Each new piece of software you introduce into your server provides another vector for possible attack (or so as I feel).  Therefore just being able to lock it down would be nice.  I haven't really seen a need for ClamAV personally so don't really know if I should start including that into my system.  Anyone have any opinions? 

 

[hzr]

By installing ZPanel, my server becomes fully managed by everyone

So I don't need to worry about securing it.

 

[dmmcintyre3]

I leave them at the BIOS screen with a no OS found error. (having drive issues)

 

[D. Strout]

I leave them at the BIOS screen with a no OS found error. (having drive issues)

Undoubtedly the most secure so far.

Here's what I know I should do: minstall (dump all unnecessary/possible vector services that way), reinstall SSH with root access off, run on a high port with key-based login only using a frequently changed password-protected key.

But I don't do that. Just an unencrypted key-based auth, port 22, password-based access off. Before you start screaming, ask yourself: will someone just scanning port 22 even keep trying once they see that password authentication is off? Move on to easier targets! See http://xkcd.com/538/ - title text especially.

 

[Quexis]

Undoubtedly the most secure so far.

Here's what I know I should do: minstall (dump all unnecessary/possible vector services that way), reinstall SSH with root access off, run on a high port with key-based login only using a frequently changed password-protected key.

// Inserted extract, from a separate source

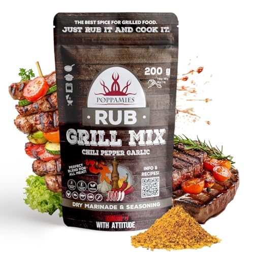 Poppamies Grill Mix BBQ Rub - Condimento per Barbecue 100% Naturale - Mix di Spezie al Peperoncino e Aglio - Perfetto per cibi alla griglia! Manzo Maiale Pesce Verdure Pollo - Confezione Grande (200g)

But I don't do that. Just an unencrypted key-based auth, port 22, password-based access off. Before you start screaming, ask yourself: will someone just scanning port 22 even keep trying once they see that password authentication is off? Move on to easier targets! See http://xkcd.com/538/ - title text especially.

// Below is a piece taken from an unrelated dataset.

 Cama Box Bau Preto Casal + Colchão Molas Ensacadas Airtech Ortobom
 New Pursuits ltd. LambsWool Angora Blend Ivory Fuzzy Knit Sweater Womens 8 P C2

For my personal server(s), this.

 

[drmike]

@D. Strout hit my summary on the SSH lock down spot on.  You should consider authoring the cliff notes / Howto for your install/hardening in this area.

Nice to see minstall mentioned   Deja vu, three or more mentions of it in past 24 hours.

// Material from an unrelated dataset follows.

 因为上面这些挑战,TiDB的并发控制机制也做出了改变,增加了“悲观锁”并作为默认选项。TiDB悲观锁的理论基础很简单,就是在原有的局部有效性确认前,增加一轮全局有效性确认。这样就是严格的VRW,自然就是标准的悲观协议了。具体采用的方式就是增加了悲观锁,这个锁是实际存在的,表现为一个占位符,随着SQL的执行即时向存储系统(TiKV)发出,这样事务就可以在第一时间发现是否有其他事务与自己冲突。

Full release (open source) and general info on what minstall is here:

https://github.com/KnightSwarm/Minstall

 

[HalfEatenPie]

Yep I guess I forgot to mention minstall on mine.  

While I agree that you don't want to be the low hanging fruit I believe you should at minimum change the port.  

 

[peterw]

For ssh: http://vpsboard.com/topic/103-simple-security/

For iptables: http://vpsboard.com/topic/980-iptablesip6tables-one-file-script/

Still don't know which log monitor tool is the best.

 

[WelltodoInformalCattle]

I created this thread because well, why not ask people that are in this industry? They encounter and mitigate attacks almost daily. Thanks for the info, I'm sure other people will find this thread useful if they're not as security conscious as you all.